The stream had emerged from as well entered the arena in the days when it ran, though its volume was reduced somewhere within and its bed here a mere gravelly hollow over which the thicket threw a bridge. Paul took a deep breath and ducked under the green eaves. He was well aware that, if the arena was some kind of killing-ground, entering it from an unexpected angle would give him only the most transient of advantages, but he could find no other features to exploit. He could have evaded confrontation for a while longer in the forest but saw no benefit in gaining only time. His mind carefully void of expectation, he entered the green arena.
It was a cactus garden, bright with flower. Flame and scarlet crowns decked the great fleshy plants, horny and thorny and pale as phosphorous, towering twice the height of a tall man against the hard blue sky. The fire-coloured flowers and the electrolytic sky were an assault to the shadow-trained eye. The naked, barbed plants silently looming breathed an air of impersonal malice: aloof, alien, extravagantly beautiful, inexplicably but unmistakably violent.

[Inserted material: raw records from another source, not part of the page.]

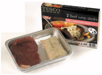
Alufoil containers like this from Nicholl Food Packaging for Tesco provide a good example of foil's convenient credentials

The independent study, which is due to be published shortly, highlights alufoil's heat conformity characteristics as a major advantage for microwave food packaging. Among its other advantages are its heat conductivity, good visual appearance and recycling credentials.
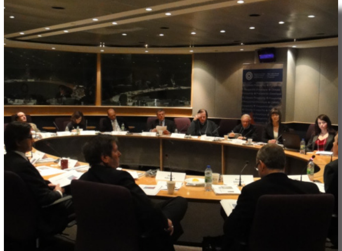
Montreal Session, March 1, 2011

To some extent, almost all of these issues were raised at all workshops. The Vancouver and Montréal sessions put particular emphasis on the environmental imperative, though the issue was raised elsewhere as well. The Calgary and Toronto sessions placed particular importance on the economic drivers, including the need for certainty and avoiding border adjustments. Issues of international reputation were raised most frequently in the Toronto workshop. Opportunities for Canada in low-carbon technology markets were discussed extensively in Vancouver, Ottawa, and Montréal.
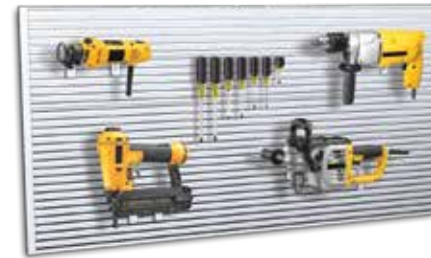
Single Sided Wall Mount Panels
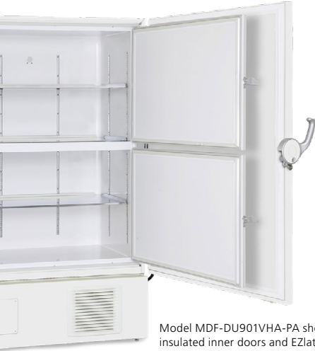
Model MDF-DU901VHA-PA showing insulated inner doors and EZlatch access.
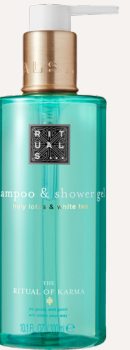
SHAMPOO & SHOWER GEL 300 ml
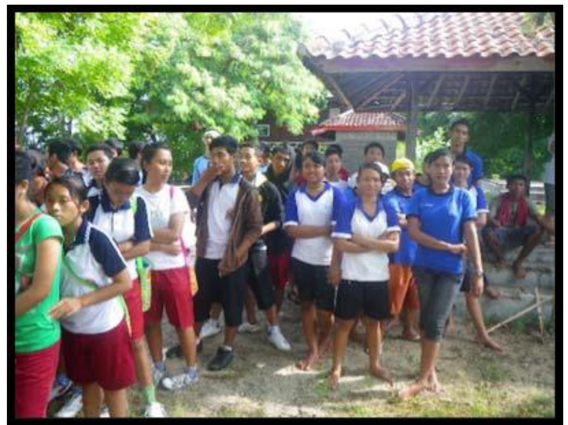
Work with the local community and school children through 'Friends of Menjangan' on an island litter pick.
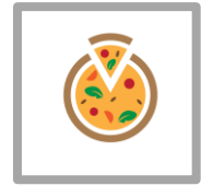
Grain and M/MA
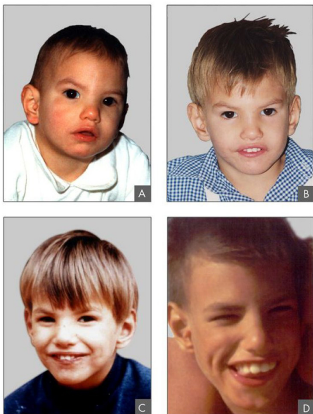
Figure 1 Clinical features of a patient with Cri du Chat syndrome at age of 8 months (A), 2 years (B), 4 years (C) and 9 years 6/12 (D).

Myopia and cataract have been reported. Hypersensitivity of the pupil to methacholine and resistance to mydriatics, probably due to a defect of the pupil dilator muscle, have also been described [29,30]. These features have also been found in four patients with Goldenhar's syndrome associated with CdCS [31,32]. Scoliosis, flat foot, pes varus, inguinal hernia and diastasis recti are frequent. Two patients with joint hyperextensibility, skin hyperelasticity and other features of Ehlers-Danlos syndrome [5], and one patient with both clinical manifestations of CdCS and Marfan syndrome have been reported [33]. A patient with a small deletion in 5p15.33 and phenotype suggesting Lujan-Fryns syndrome has been described [34].
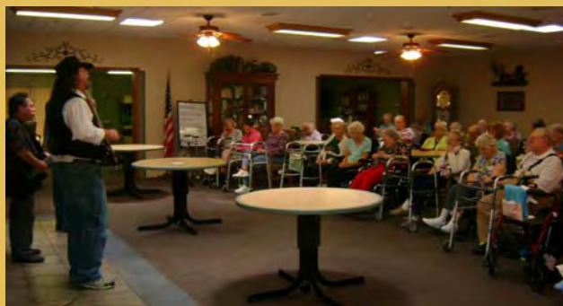
Sweetwater Band came to the Gosper County Fair. They took time to stop by the Care Center on the afternoon of August 1 st to play and sing for the residents. Thank you guys!!!

Honor grandparents. Give grandparents an opportunity to show love for their children's children. Help children become aware of the strength, information and guidance older people can offer.
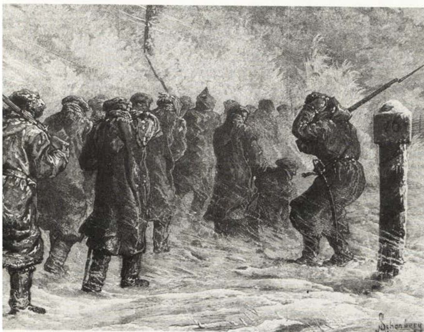
Exiles marching through the snow

gates to sell black rye bread, hard-boiled eggs, cold cooked meat, or pies to the prisoners.
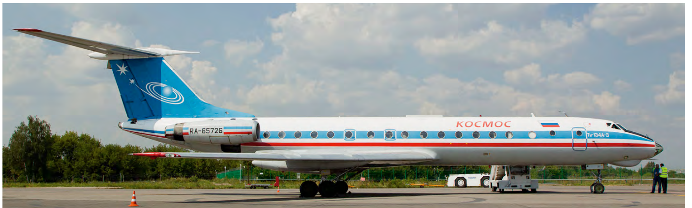
MOM NPO "Energiya" took delivery of this Tupolev Tu-134AK in 1983. At that time the aircraft was in Aeroflot colours and registered as CCCP-65726. In 1995 the aircraft was transferred to Kosmos by then already registered as RA-65726. By February 2004 the type was ammended to Tu-134A-3.(Moscow-Zhukovsky, 4 August 2018, Andre Alders)

Friday was a busy day with a morning Motor Sich Airlines flight from Zhaporozhye to Kiev-Zhulyany. I was hoping for the Yak-40 but a 1972 vintage An-24 (UR-MSI) was on the ramp. After arrival I spent some time in the excellent Kiev-State Aviation Museum. Very good pictures can be taken from the museum of taxiing aircraft at IEV. A walk alongside the perimeter fence yields many registrations, mainly of stored/derelict airplanes. The afternoon flight with Belavia B737 EW-366PA via Minsk to Moscow-Vnukovo with Utair B737 VQ-BYM was uneventful except for a couple of Russian Air Force Tu-134s, which were seen on the new part of Minsk Airport during taxiing. OAO Minsk Civil Aircraft Repair Plant No. 407 is a leading agency in the post-Soviet territory to provide repair, upgrade and maintenance services for the Yak-40, Yak-42, Yak-52 and Tu-134. The plant is now being physically relocated to Minsk Airport after the closure of Minsk-1 Airport. Even the old acquaintance UR-UES without
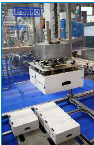
Single Gantry Palletiser
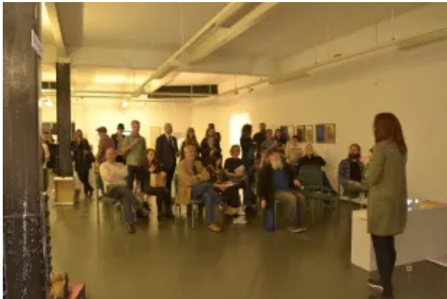
Artist talk about the installation

Discussing employment, self employment & higher ed. at Bournville College.
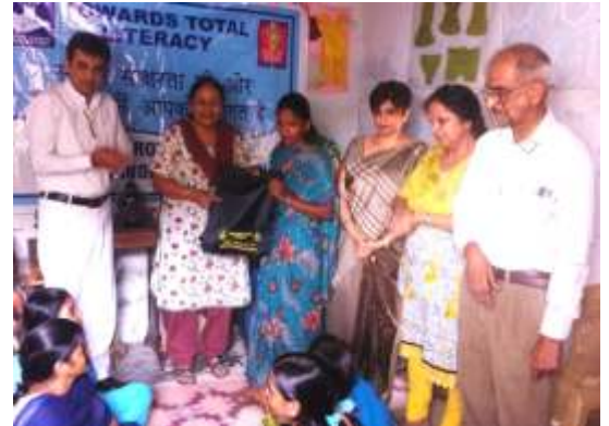
Adult Women Education centre and Sewing & Tailoring centre, Faida
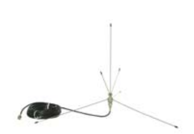
LA-107 Ground Plane Remote Antenna (216 MHz)
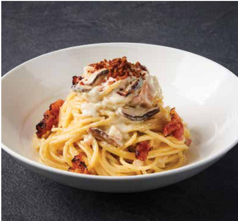
P2 Spaghetti Carbonara $9.90 Spaghetti with Bacon, Mushroom and Ham in Cream sauce
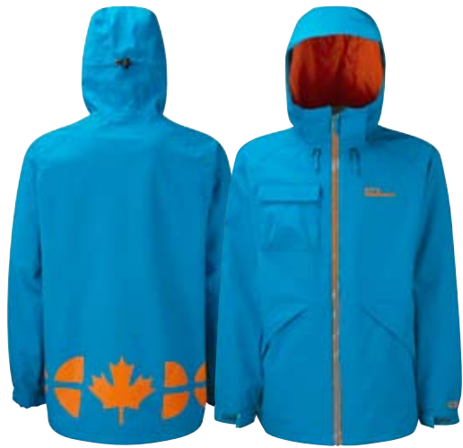
Sinatra Blue / Aprí Acid
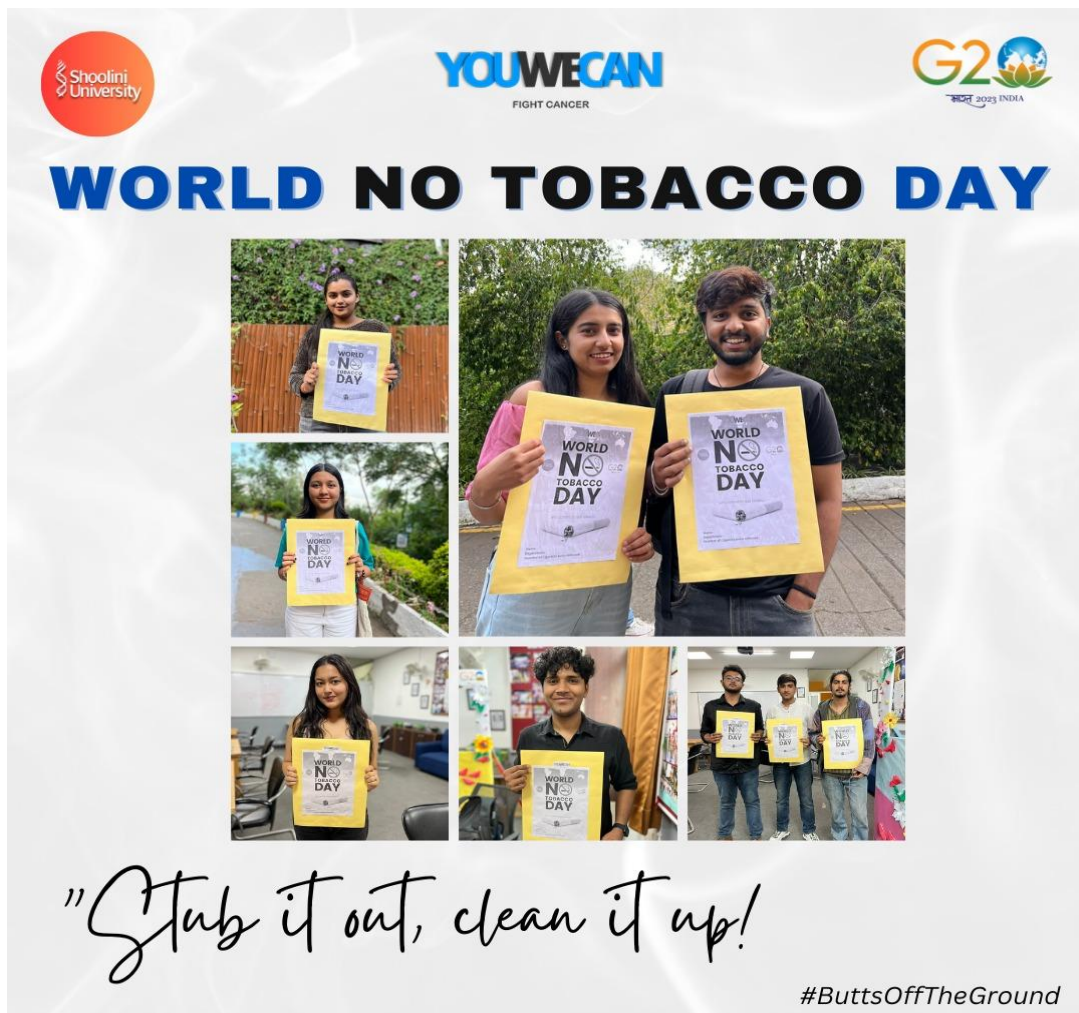
Poster with the volunteers with their envelopes
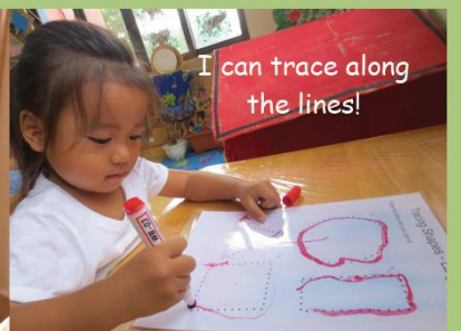
I can trace along the lines!
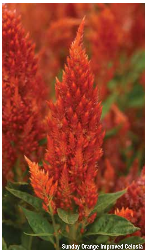
Sunday Orange Improved Celosia
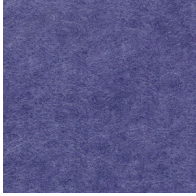
Iris - IRI
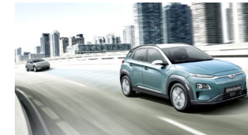
Smart Cruise Control with Stop & Go (SCC)

Detects reckless or fatigued driving to help prevent potential accidents. If the system detects inattentive driving patterns, an audible sound and message on the display panel will bring this to the driver's attention.
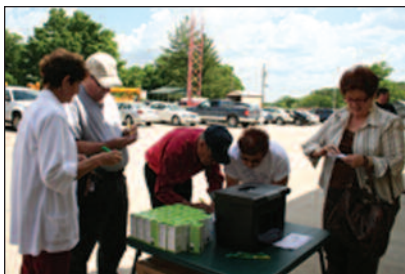
Dover members gather around the registration table for their shot to win the electric grill.
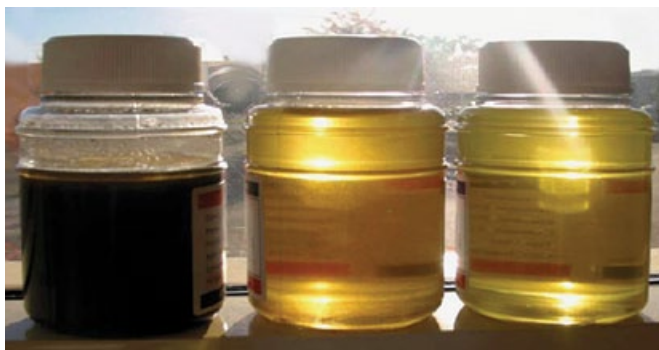
Left - Right Oil entering the filter unit; oil after 8 hrs filtering; filtered oil re-entering the fryer
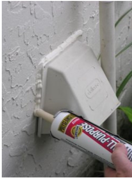
Sealing around a dryer duct hood
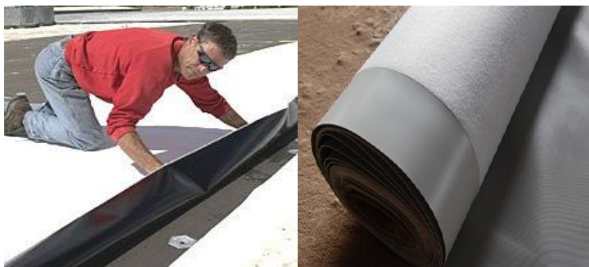
Figure 6 : left: TPO membrane, Right: PVC membrane
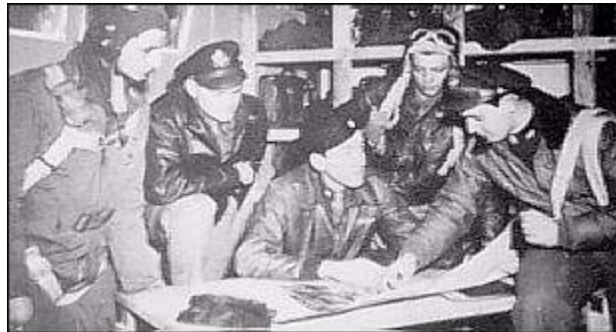
Stewart talking Over the final details of a mission prior to takeoff.

of 1943 when he went to England as Commanding Officer of the 703rd Bomb Squadron, equipped with B-24s. Stewart ended the war with 20 combat missions and remained in the USAF Reserve. Brigadier General Stewart retired 31 May 1968.
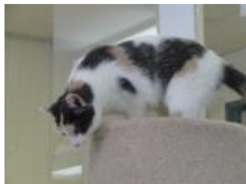
Jelly Bean Female/Spayed Domestic Short Hair/Mix 1 Year, 2 Months
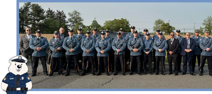
The Police Officers of Mantua Township that help keep our community a safe place.

PRSRT STD U.S. Postage PAID Deptford, NJ PERMIT #41
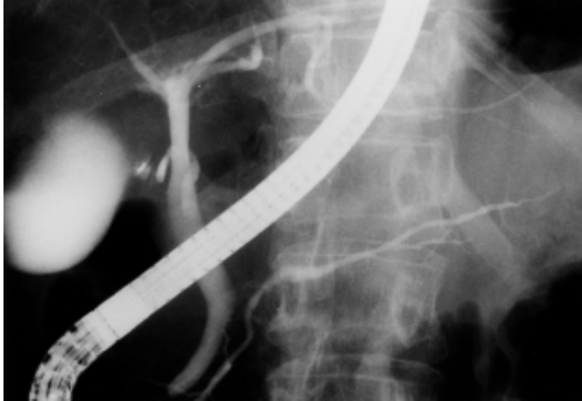
Figure 2 —Endoscopic retrograde cholangiography and pancreatography on admission. Diffuse irregular narrowing of the main pancreatic duct and mild smooth stenosis of the lower common bile duct can be seen.

not restored; the C-peptide response to a glucagon test after treatment was 0.1 ng/ml. The basal plasma glucagon level was 94 pg/ml, and the increment of plasma glucagon after intravenous infusion of 30 g arginine hydrochlorate in 30 min was 228 pg/ml, suggesting that \alpha -cell function was preserved. The patient is being treated as an outpatient with 5 mg/day prednisolone and multiple insulin injections.
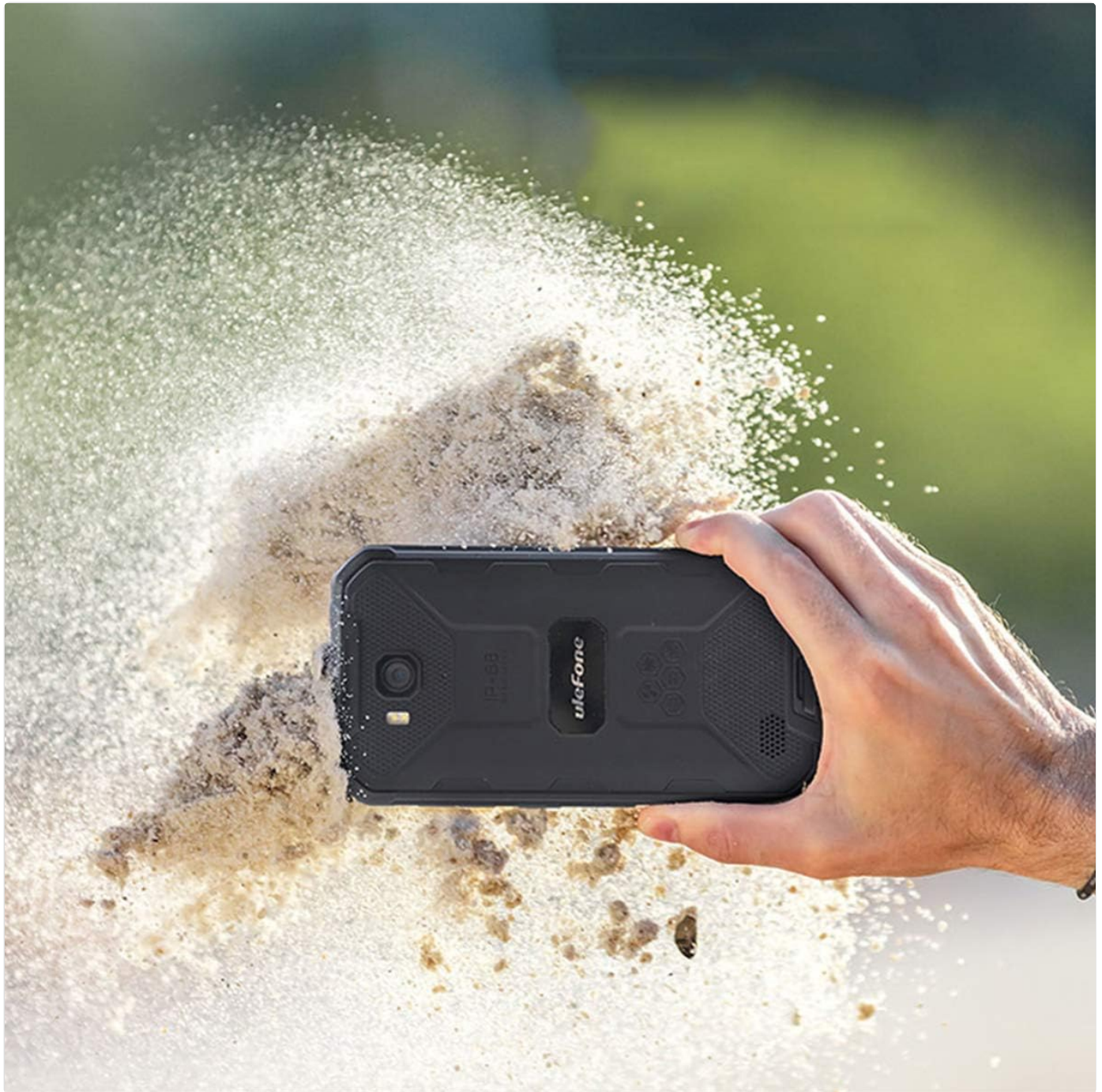
Figure 6: Rugged Durability

This image shows the Ulefone Armor X6 being held while sand is being kicked up around it, illustrating its robust and durable design, capable of withstanding harsh environments like dusty or sandy conditions.
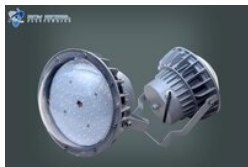
LED Well Glass LIGHT - 100W
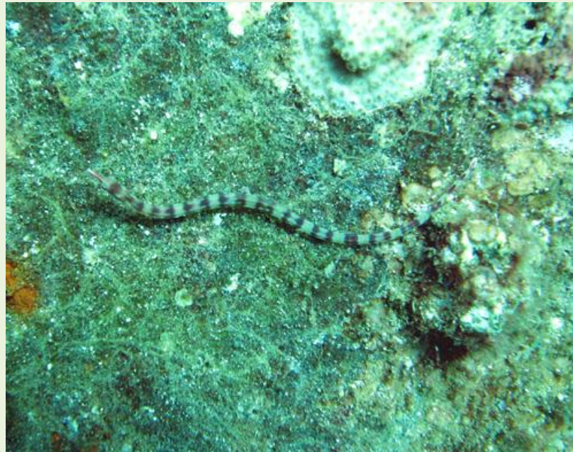
Another small pipe fish
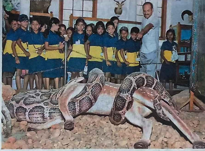
■ சர்வதேச வன நாளை முன்னிட்டு, கோவை வனக் கல்லூரியில் உள்ள காஸ் அருங்காட்சியகத்தில் பள்ளி மாணவ மாணவிகள் இலவசமாக பார்வையிட்டனர்.

வனஅருங்காட்சியகத்தில் இலவசமாக பார்வையிடலாம்
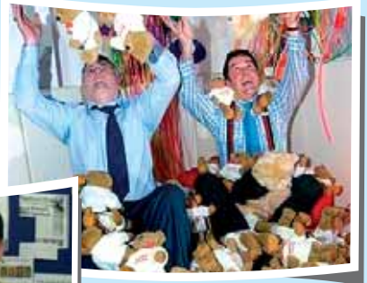
Fundraising for our children's hospice
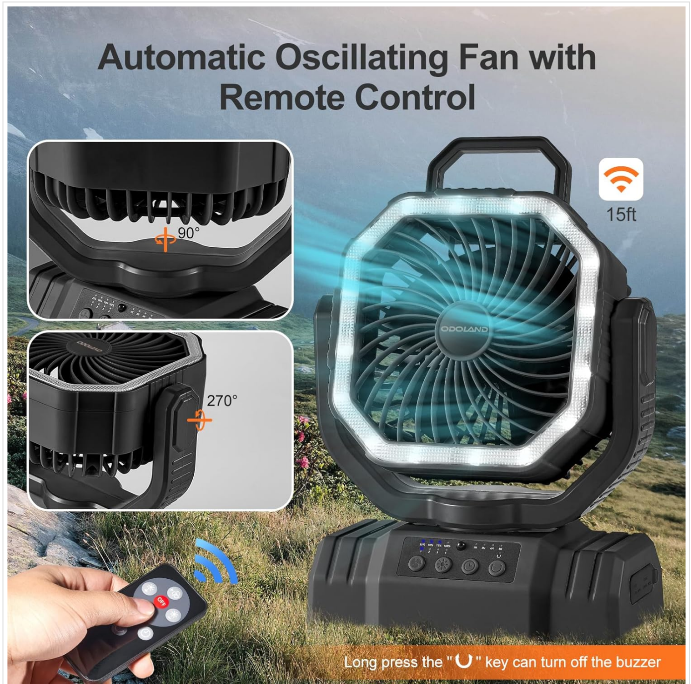
Image 4.1: The fan head can oscillate 90 degrees automatically and swivel 270 degrees manually, providing flexible airflow direction.
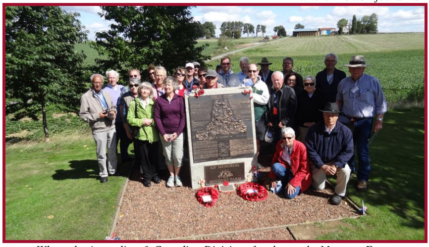
Where the Australian & Canadian Divisions fought to take Mouquet Farm. Here the Germans had their advance Headquarters on their Second Line
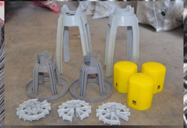
Reinforcing Bar Accessories
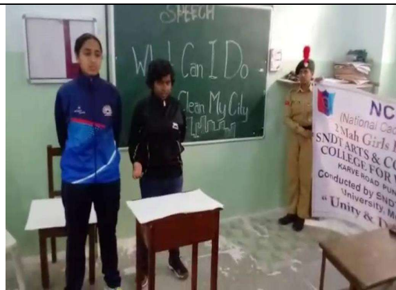
SKIT OF WET & DRY WASTE MANAGEMENT (OLA KACHRA & SUKHA KACHRA)

Motto of NCC Unity and Discipline एकता और अनुशासन
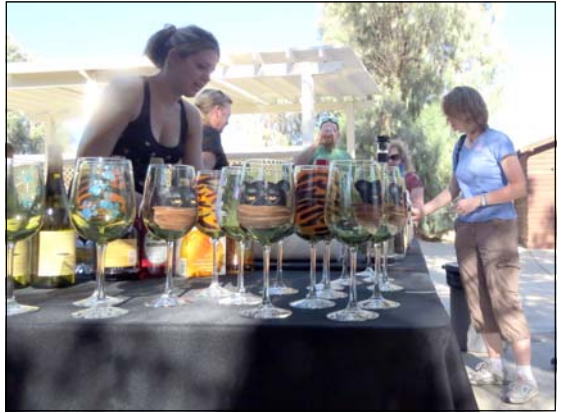
Guests could enjoy their favorite beverage in a special hand-painted cat-themed glass.
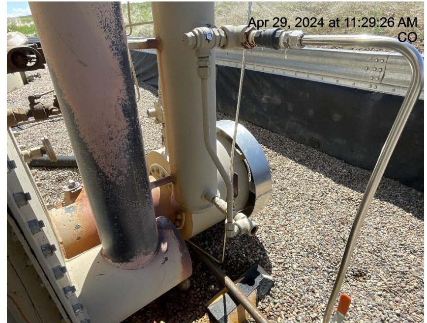
Photo # 5242 PRV vent line terminates in an unsafe manner /does not comply with CECMC pressure safety device rules & general safety rules
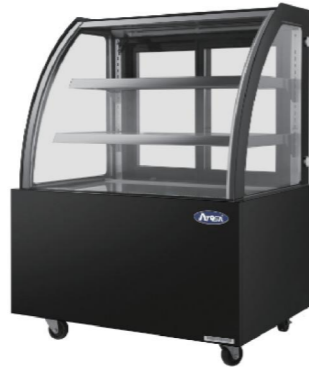
Round Cake Showcase
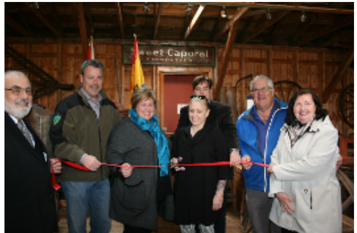
Dignitaries and invited guests at the ribbon cutting to officially open the "Acadians in Albert County" exhibit.

Information about the Albert County Museum's Acadian exhibit will be provided by the Chipoudy Monument Committee to the many Acadian visitors and the bus tours. The Acadian exhibit will become a permanent part of the Albert County Museum's collection. This project is supported by Tourism, Heritage and Culture New Brunswick.

As his eyes adjusted to the glare and the half-forgotten colours, Paul moved diagonally into the garden, cat-careful, alert for any sound or movement. There was none. No-one advanced to meet him. The tension increased until like a st
retched string it snapped in anticlimax and he was reduced to calling for attention. “Shah? Surgeon? Anyone?”
There was no reply. Paul loosed the last of his pent breath in expletives and turned his attention on the improbable plants, wandering among them, trying to make sense of their presence as an enclave in the heart of temperate forest. He saw them as a kind of granulating flesh filling in a gaping wound, inflicted at a time and in a way that no-one now on Mithras, with the possible exception of the Drones, could know. They were decades old – perhaps a few, perhaps many.
His foot snagged in the tangled undergrowth of roots and suckers and would not come free. In mild irritation he tugged at it. Then a sudden access of alarm turned him cold and, without stopping to work out why, he bent swiftly and threw the latches on his boot and dragged his foot free. As he did so the woody snare tightened spastically, crushing the strong leather with a force that would have broken his ankle.
Even as he strove to recover his balance he felt, with surging fear and the peculiar horror of familiar things turned vicious, the very ground beneath him come alive with snapping tendrils lithe as snakes that lashed at his legs and caught his wrists as he fought them. He kept his feet under the kraken assault for perhaps half a minute then, hung about with vines like a forgotten statue, was dragged crashing down. The agile roots swarmed eel-like over him, binding his limbs immovably to the writhing ground, but he did not yell until slow dark shadows eclipsing the bright sun distracted his frantic attention from his pinioned arms and, blinking the sweat of panic from his eyes, he saw the great looming shape of the cactus bending over him.
Chapter Three
Shah dreamed Paul’s dream. Alone under a tree, bundled in a blanket, her body twitched and muttered fitfully while her soul bathed in clear sun in another country. In her eyes his dream, too, was clear, shrived of the mystery that had imbued that night in the Hive, but no less horrible. The looming shapes that savaged and fed on him were trees – the thongs that held him their mobile roots, the knives that stabbed him avid cactus spines – and in the dream she was one of them. Most horrible of all was the pleasure and the sense of aptness she imbibed with his blood.